Create a PRHVerbalExpression, then send messages to it to set options and build up the search pattern. Each option or pattern message returns self
, so you can stack up a chain of such messages that describe the pattern.
Each PRHVerbalExpression responds to a small suite of matching methods that you can use to apply the pattern to a string.
For example:
NSString *prefix = @"Hello";
NSString *suffix = @"Your attention please!";
NSString *entireString = [NSString stringWithFormat:@"%@, people of Earth!\n%@", prefix, suffix];
PRHVerbalExpression *expression = [[[[[[[
[PRHVerbalExpression new]
searchMultipleLines]
startOfLine]
then:prefix]
anything]
then:suffix]
endOfLine];
bool match = [expression matchesString:entireString];
Within the header and this documentation, a “literal string” is a string that is not examined for regular expression metacharacters (or, if it is, it is in order to escape them). So, for example, a literal string like @"[^0-9]"
will match exactly six characters (or not at all): an opening square bracket, a caret, a zero, a hyphen-minus, a nine, and a closing square bracket. It will not match a single character that is not within the range of '0'–'9'.

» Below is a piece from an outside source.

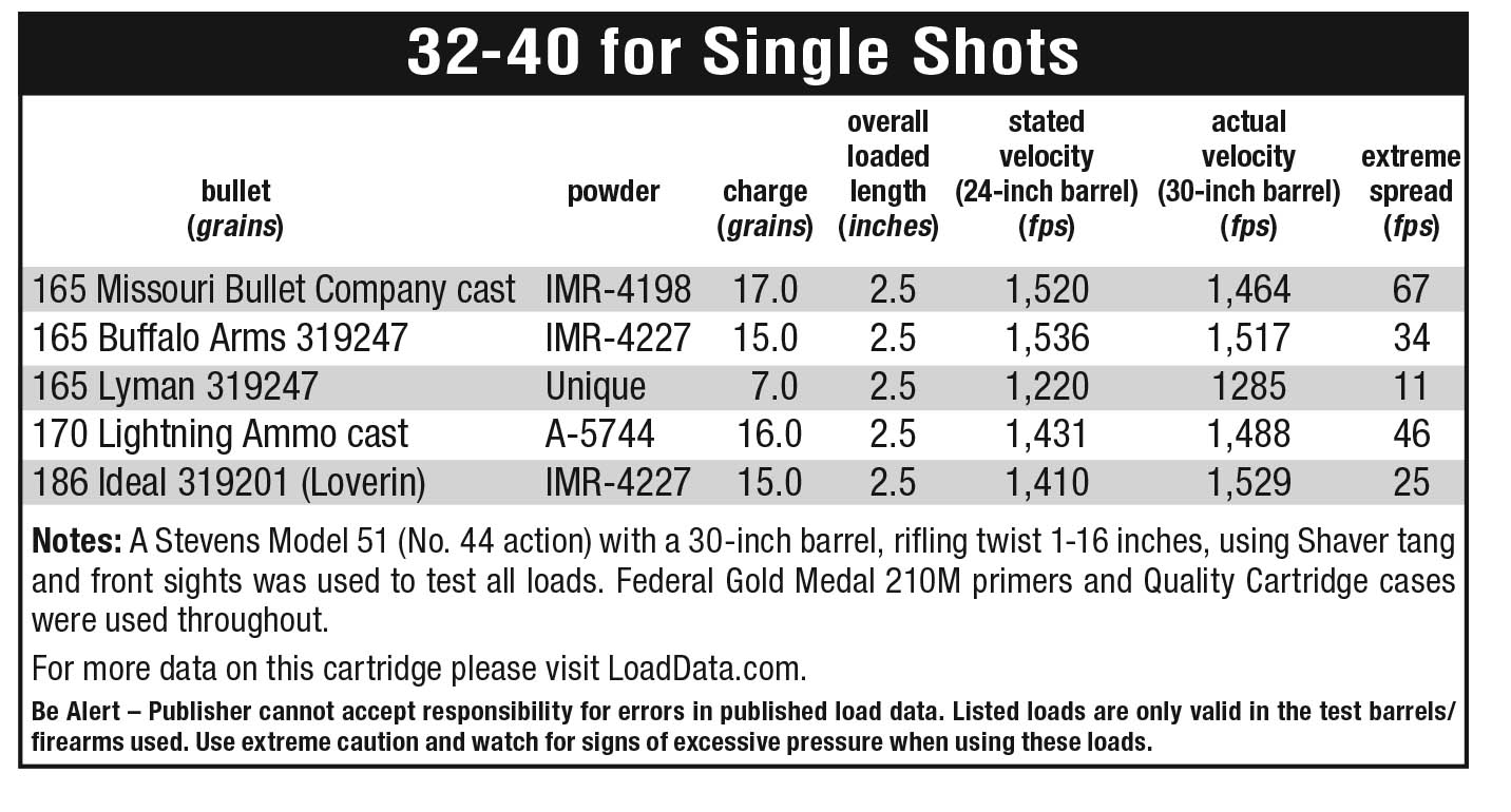 What does this say about the 32-40? Not only is it highly accurate, it’s also remarkably versatile within its limits, and admirably docile. Those characteristics will keep a cartridge around long after it’s been superseded ballistically by the latest hotshot. It is also a lot of fun to shoot, and can be loaded down to about 32-20 performance, or jacked up to (almost) 30-30. The cartridge’s sweet spot, however, is with a 165- to 185-grain cast bullet at around 1,500 feet per second (fps).

For character classes, the original JavaScript implementation has a method named range
, taking two arguments.
This version replaces this with four different methods:
characterClassWithRangeFrom:(unichar)from to:(unichar)to
extendCharacterClassWithRangeFrom:(unichar)from to:(unichar)to
characterClassWithCharacter:(unichar)ch
extendCharacterClassWithCharacter:(unichar)ch
So, for example, a simple expression for formatted numbers might look like:
[[[
[PRHVerbalExpression new]
characterClassWithRangeFrom:'0' to:'9']
extendCharacterClassWithCharacter:',']
extendCharacterClassWithCharacter:'.'];
(This produces the regular expression [0-9,.]
.)
I've added methods for creating groups:
group:(id)literalStringOrVerbalExpression
nonCapturingGroup:(id)literalStringOrVerbalExpression
Each one takes either a literal string or a PRHVerbalExpression.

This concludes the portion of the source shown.